Using data to make investigations safer for AFP staff

Investigating crimes that have electronic evidence means looking through lots of data, including images.

Diagram showing the image classification process.
Caption: Image concept courtesy of Venkatesh Tata.

For the investigators of the Australian Federal Police (AFP) this can mean looking at thousands of photographs so that the content can be identified and categorised. This includes child exploitation and extremist materials.

It’s difficult work and can take a serious toll on AFP staff.

Using computers to check and classify images is one way to reduce the exposure of staff to this material. Exploitation images are widely shared and will often be seen in multiple cases. If an image has already been seen, identified and classified for one case, it doesn’t need to be viewed again.

Cryptographic versus perceptual hashes

Cryptographic hashes are algorithms that can be run on data to check if it’s been seen before. This is the most common approach for law enforcement when it comes to checking and classifying images (using MD5 and SHA-1).

Whilst fast and reliable, cryptographic hash algorithms rely on the data in an image, rather than the content. Any minor change to the photograph, even imperceptible to the human eye, can make an image effectively unrecognisable using this system. This means if an image has been slightly cropped, or the colour slightly altered, the image’s data is changed and it can appear to a computer as a different image.

In contrast, perceptual hash algorithms look for similarities between the content of images. By their nature they are far more computationally expensive than checks for identical data. Two images are either identical or not, but consider how many ways images can be similar!

The biggest limitation of both perceptual and cryptographic hashes is they are unable to examine a previously unseen photograph and identify its content, without having a previously classified image to compare it to.

From an initial idea to a new approach

This was the starting point for my work as a Data Fellow. I wanted to improve the performance of existing cryptographic and perceptual hashing methods – in plain English, to speed up the process of identifying images through their content rather than their technical attributes.

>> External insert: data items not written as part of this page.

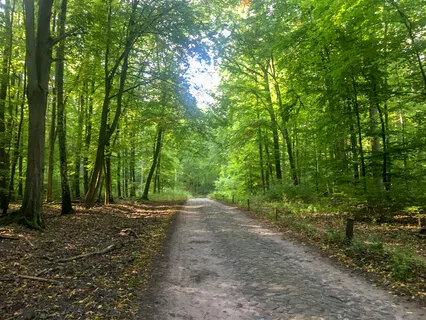 Du läufst einen Waldweg entlang und siehst am Ende des Waldweges eine Lichtung.
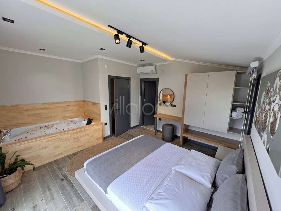 1. yatak odası : 1 çift kişilik yatak, WC + Duş, Klima, jakuzi
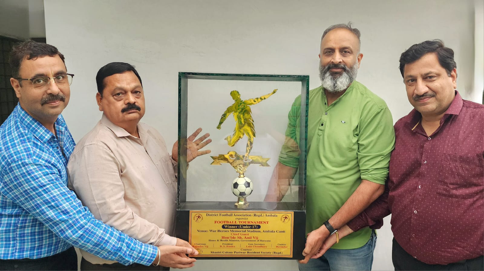 कपिल विज बुधवार को जिला फुटबाल संघ अम्बाला द्वारा आयोजित अंडर 14 व अंडर 17 जिलास्तरी फुटबाल प्रतियोगिता की ट्राफी के अनावरण समारोह में बोल रहे थे। उन्होंने बताया कि शास्त्री कालोनी परिवार रेजिडेंट सोसाइटी वार हीरोज स्टेडियम में आयोजित प्रतियोगिता को आफिशियल तौर पर प्रायोजित कर रही है। सोसाइटी द्वारा प्रतियोगिता की विजेता और रनर अप ट्राफी के अलावा 64 खिलाड़ियों, आठ मैच रेफरी एवं अन्य के लिए स्मृति चिन्ह प्रायोजित कर उन्हें प्रोत्साहित कर रही है।
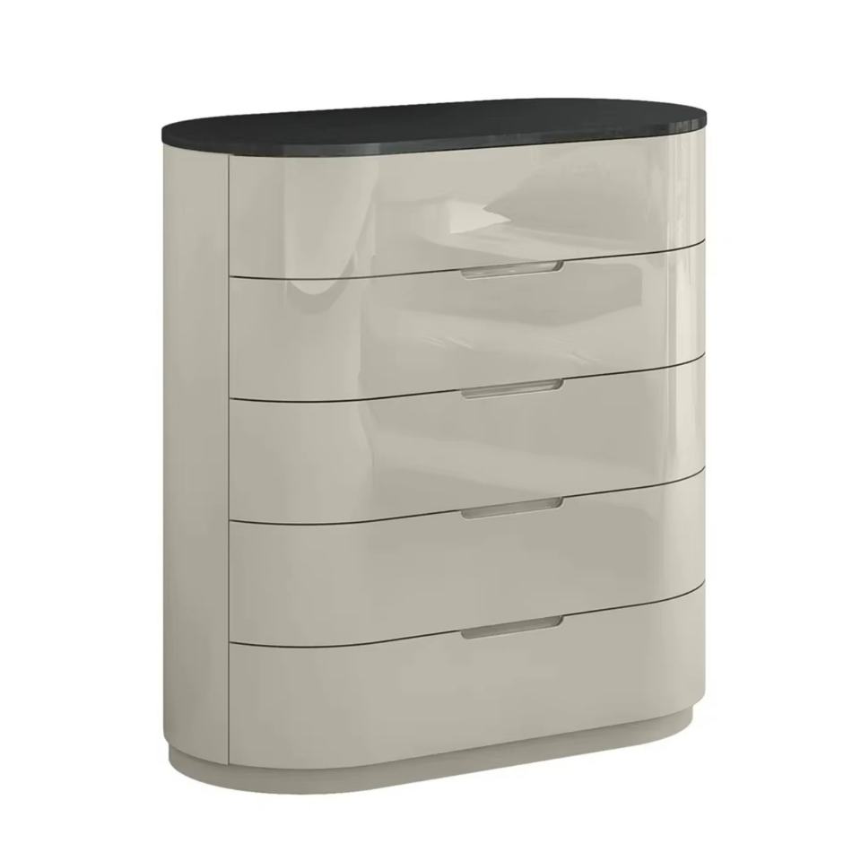 New Arrival Modern White Wooden Dresser with 5 Drawers High Gloss Oval Top Board for Bedroom Storage and Living Room Use

During my initial pitch to Data61 researchers, it became clear my idea and approach were possible, but would need an unaffordable level of infrastructure, and would not improve the limitations around previously unseen materials.

A few people at Data61 suggested using deep learning networks (a type of machine learning) as an alternate approach. To (over)simplify, this involves designing a network and then showing it large quantities of sample images – tens if not hundreds of thousands of photographs – to teach it visual concepts rather than technical attributes.

Creating the prototype

The Data Fellowship is similar to postgraduate research – you get a desk and IT support in an office, but ultimately it’s up to you to engage with the wide range of subject matter experts sitting nearby.

The mathematics behind deep learning networks is incredibly complex. Fortunately, Dr Yuriy Tyshetskiy, a senior data scientist at Data61, volunteered to help me out with the project.

Dr Tyshetskiy helped me design and implement a prototype image classifier using open source machine learning frameworks including Google’s TensorFlow. Over the course of the next 6 months we worked together to gradually improve its performance.

The prototype is currently being developed for use as an early warning system. During an investigation, the prototype analyses materials and, if they are considered to be extreme or exploitative images, the reviewer can be warned.

Importantly, the classifier works with the existing software and systems investigators use. It complements how they already work so they don’t need to change their processes.

Onwards and upwards

The prototype has now been tested on live operations with extremely positive results. The process we went through also helped identify gaps in the research and application of emerging technologies to identify offensive materials. For example, there is no legally independent common language for labelling images, making international collaboration and objective comparison difficult.

Our findings led directly to further research that has since been peer reviewed and published. It has also led to further collaboration with Data61 through the construction of a “data airlock”.

This is a service designed to manage legal and ethical restrictions in the field by providing trusted research and industry partners with indirect access to offensive materials on which they can develop and test deep learning based tools.

This has all resulted from my Data Fellowship. As a fellow I had the time and support to create a sustainable foundation for the automation of image classification within law enforcement.  It also provided the first steps in providing a safer place for members of the AFP to work.